In accordance with the provisions of General Municipal Law ss10, all deposits of the Library, including certificates of deposit and special time deposits, in excess of the amount insured under the provisions of the Federal Deposit Insurance Act shall be secured by one of the following:

  1. By a pledge of “eligible securities” with an aggregate “market value” as provided in General Municipal Law ss10, equal to the aggregate amount of deposits from the categories designated in the Appendix to this policy.
  2.   By an eligible “irrevocable letter of credit” issued by a qualified bank, other than the bank with deposits in favor of the Center Moriches Free Public Library, for a term not to exceed 90 days with an aggregate value equal to 140% of the aggregate amount of the deposits and the agreed upon interest, if any.  A qualified bank is one whose commercial paper and other unsecured short-term debt obligations are rated in one of the three highest rating categories by at least one nationally recognized statistical rating organization or by a bank that is in compliance with applicable federal minimum risk-based capital requirements.
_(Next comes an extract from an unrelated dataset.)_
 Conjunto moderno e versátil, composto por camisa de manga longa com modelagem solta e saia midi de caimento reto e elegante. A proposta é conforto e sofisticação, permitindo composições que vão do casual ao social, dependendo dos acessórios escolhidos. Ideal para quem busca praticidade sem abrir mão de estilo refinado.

Eligible securities used for collateralizing deposits shall be held by the depository and/or a third party bank or trust company subject to security and custodial agreements.
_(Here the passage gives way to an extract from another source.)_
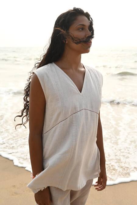 Beige top featuring a V-neckline and sleeveless design with contrast thread detailing

The security agreement shall provide that eligible securities are being pledged to secure Library deposits together with agreed upon interest, if any, and any costs or expenses arising out of the collection of such deposits upon default.  It shall also provide the conditions under which the securities may be sold, presented for payment, substituted or released and the events which will enable the Center Moriches Free Public Library to exercise its rights against the pledged securities.  

The custodial agreement shall provide that securities held by the bank or trust company, or agent of and custodian for the Library, will be kept separate and apart from the general assets of the custodial bank or trust company and will not, in any circumstances, be commingled with or become part of the backing for any other deposit or other liabilities. The agreement should also describe that the custodial shall confirm the receipt, substitution or release of the securities.  

The agreement shall provide for the frequency of reevaluation of eligible securities and for the substitution of securities when a change in the rating of a security may cause ineligibility.  Such agreement shall include all provisions necessary to provide the Library a perfected interest in the securities.


Authorized by General Municipal Law ssll, the Library authorizes the Director or her designee to invest monies not required for immediate expenditure for terms not to exceed its projected cash flow needs in the following types of investments:  Money Market accounts, certificates of deposit, savings accounts and checking accounts.

All investment obligations shall be payable or redeemable at the option of the Library within such times as the proceeds will be needed to meet expenditures for purposes for which the monies were provided.


Schedule of Eligible Securities

  1. Obligations issued, or fully insured or guaranteed as to the payment of principal and interest, by the United States of America, an agency thereof or a United States government sponsored corporation.
  2. Obligations partially insured or guaranteed by any agency of the United States of America, at a proportion of the Market Value of the obligation that represents the amount of the insurance guaranty.
  3. Obligations issued or fully insured or guaranteed by the State of New York, obligations issued by a municipal corporation, school district or district corporation of such State or obligations of any public benefit corporation which under a specific State statute may be accepted as security for deposit of public monies.
  4. Obligations issued by states (other than the State of New York) of the United States rated in one of the three highest rating categories by at least one nationally recognized statistical rating organization.
  5. Obligations of counties, cities and other governmental entitis of a state other than the State of New York having the power to levy taxes that are backed by the full faith and credit of such governmental entity and rated in one of the three highest rating categories by at least one nationally recognized statistical rating.